- _Task prompt_
The data below should be copied out exactly, with its pictures omitted.

- _Given information_
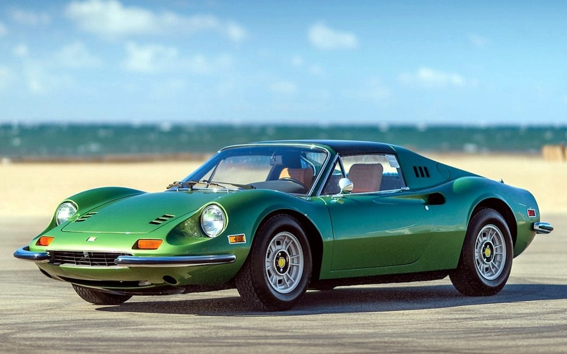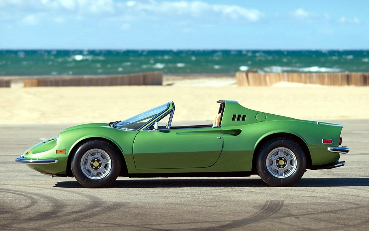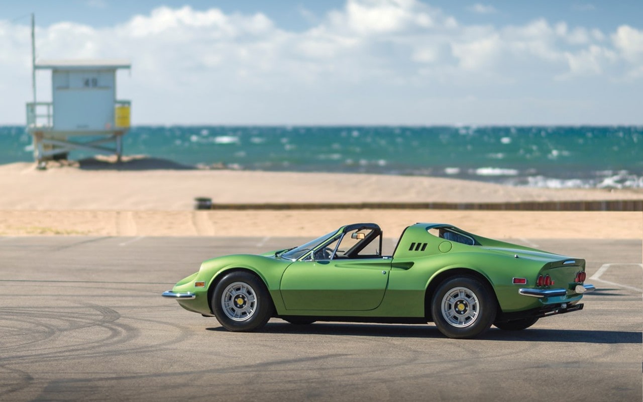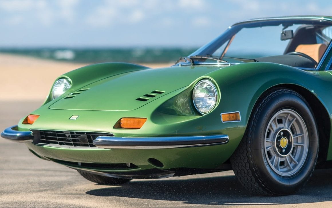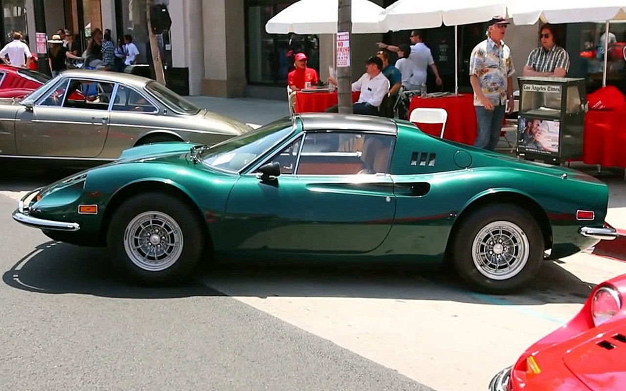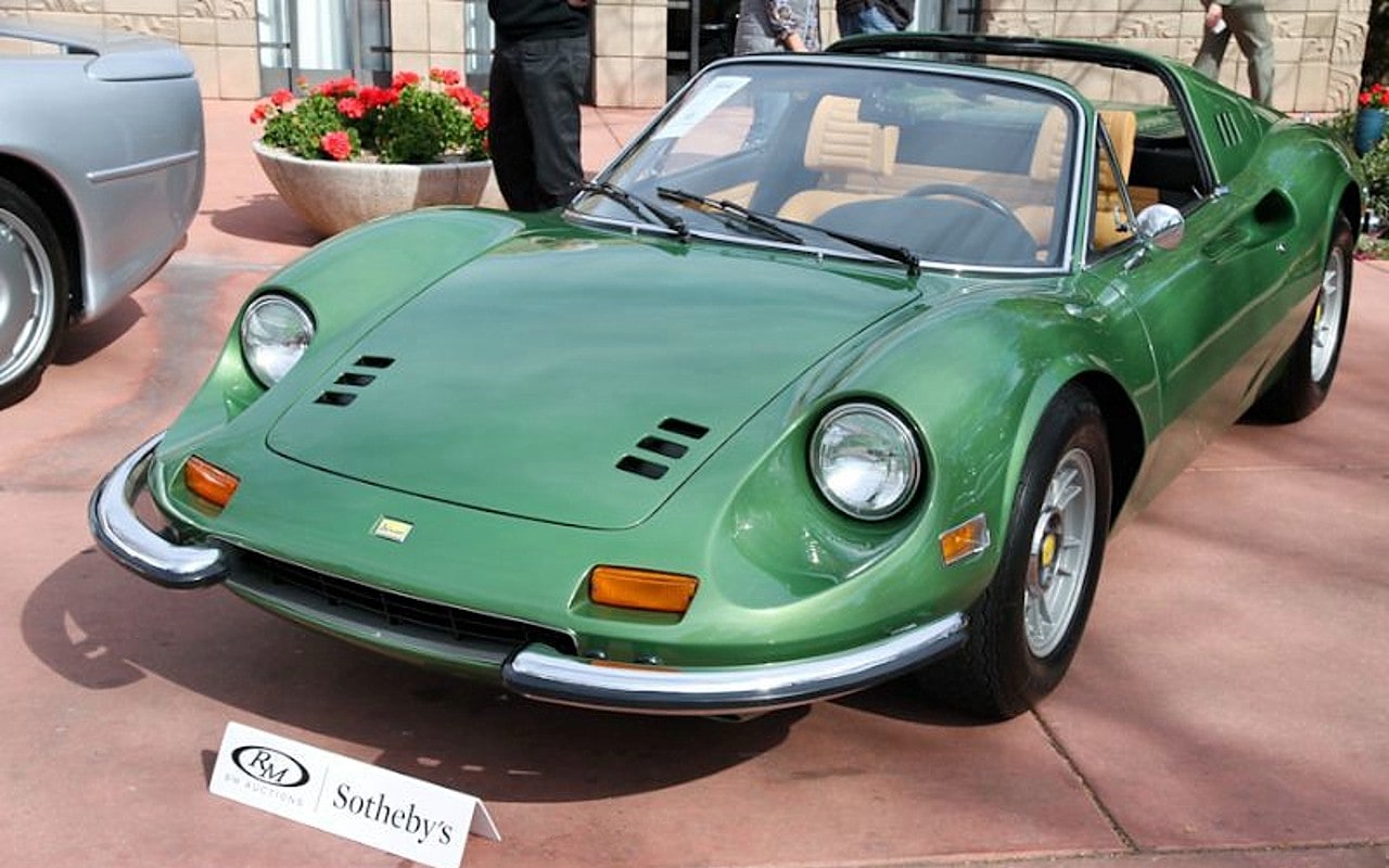 En 2014, la Dino 246 GTS a été restaurée dans “sa couleur d’origine”, le fameux et rare “Verde Medio Nijinsky” et la Dino a été acquise par un collectionneur anonyme de Maranello vivant à Los Angeles (sic !)… qui l’a “mécaniquement rafraîchie” avec une reconstruction complète du moteur…, présentant environ 8.700 miles, qui sont censés être d’origine (sic !), et la Dino est accompagnée de livres et d’outils (re-sic !), cette Dino 246 GTS magnifiquement restaurée et historiquement fascinante (c’est le moins qu’on puisse en dire et en écrire) a été présentée comme étant un exemple sensationnellement préservé (re-sic !) “qui devrait ravir les sens de tout amoureux de Dino 246 GTS verte”…
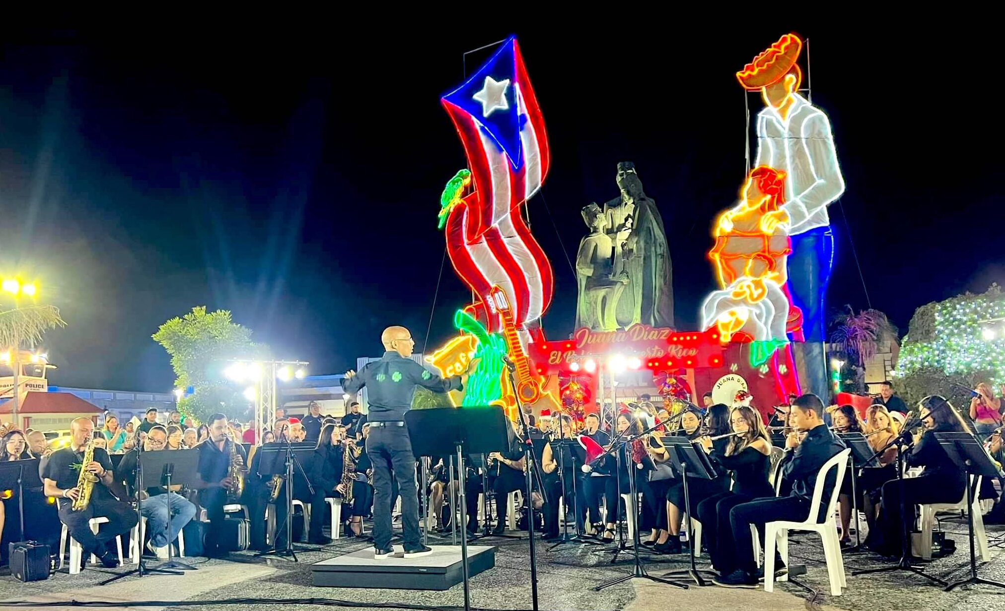 La plaza pública Román Baldorioty de Castro de Juana Díaz no deja de recibir visitantes de día ni de noche pues, aparte de la llamativa decoración navideña que la engalana, los espectáculos artísticos diarios convocan a personas de toda la isla.
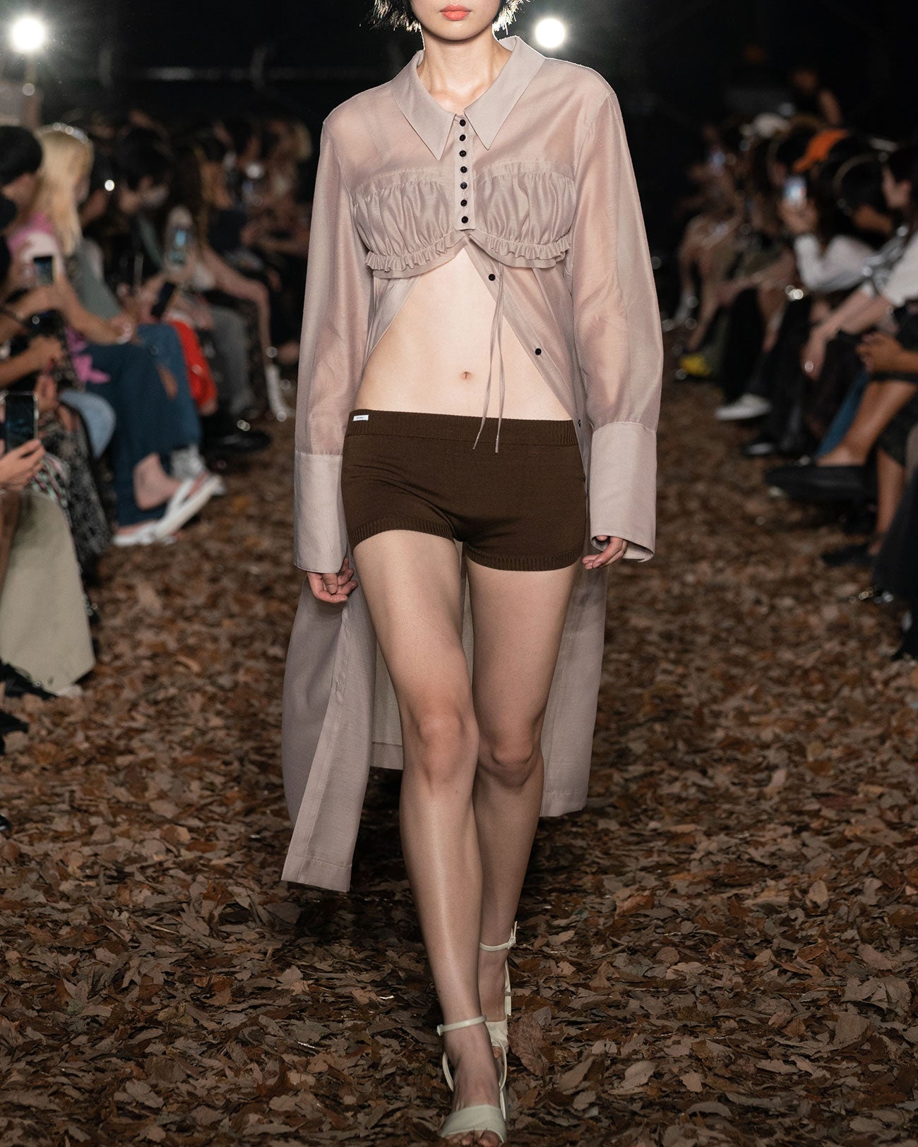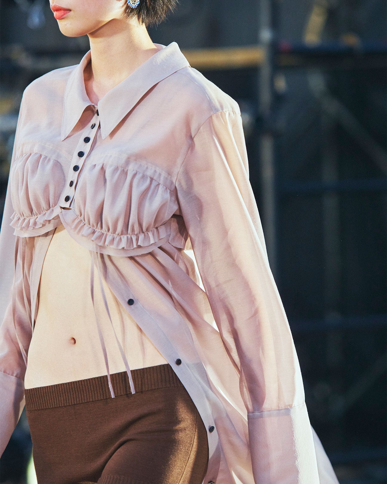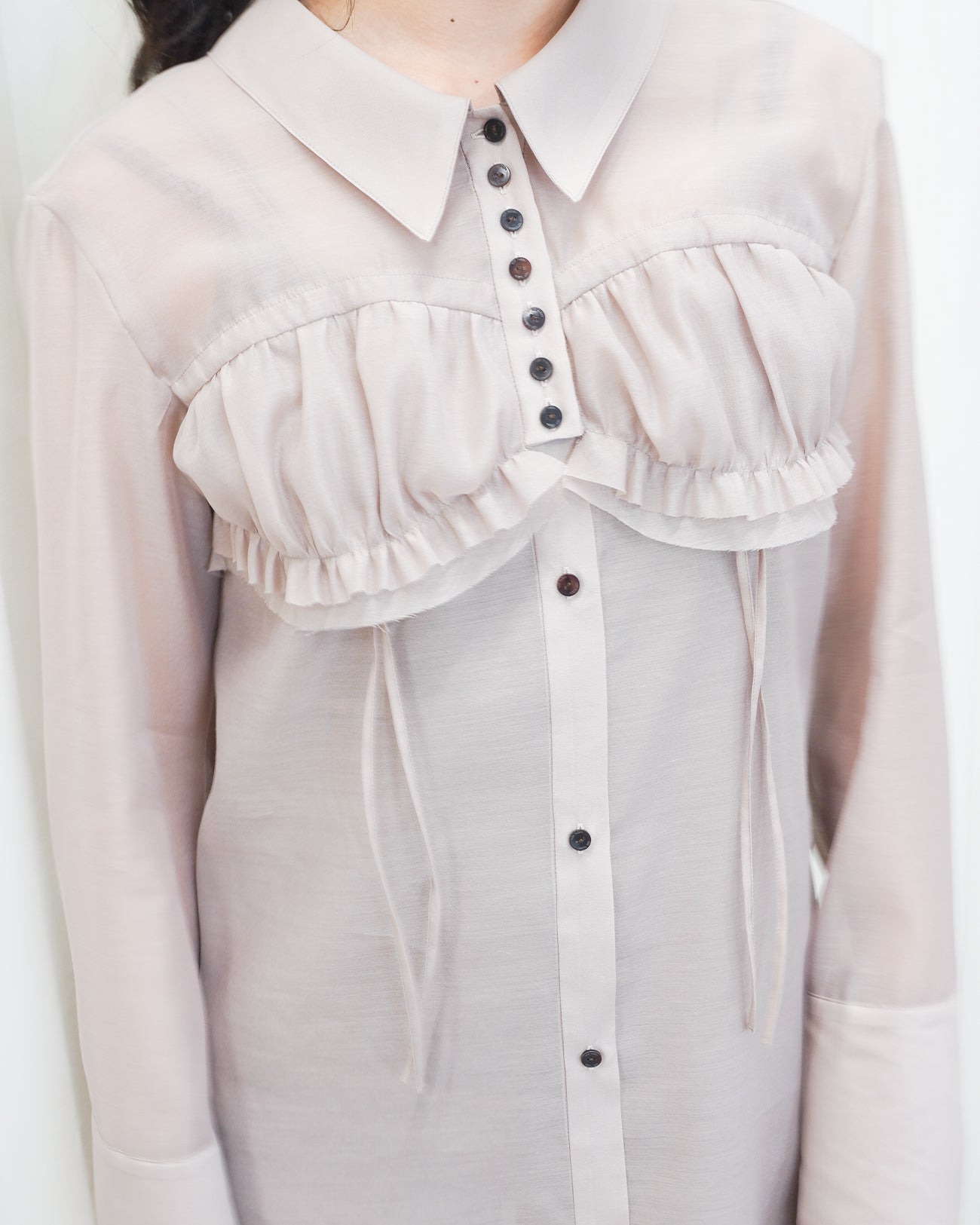 シアー素材を使用したパジャマシャツコンビネゾン。

- _Answer_
 En 2014, la Dino 246 GTS a été restaurée dans “sa couleur d’origine”, le fameux et rare “Verde Medio Nijinsky” et la Dino a été acquise par un collectionneur anonyme de Maranello vivant à Los Angeles (sic !)… qui l’a “mécaniquement rafraîchie” avec une reconstruction complète du moteur…, présentant environ 8.700 miles, qui sont censés être d’origine (sic !), et la Dino est accompagnée de livres et d’outils (re-sic !), cette Dino 246 GTS magnifiquement restaurée et historiquement fascinante (c’est le moins qu’on puisse en dire et en écrire) a été présentée comme étant un exemple sensationnellement préservé (re-sic !) “qui devrait ravir les sens de tout amoureux de Dino 246 GTS verte”…
 La plaza pública Román Baldorioty de Castro de Juana Díaz no deja de recibir visitantes de día ni de noche pues, aparte de la llamativa decoración navideña que la engalana, los espectáculos artísticos diarios convocan a personas de toda la isla.
 シアー素材を使用したパジャマシャツコンビネゾン。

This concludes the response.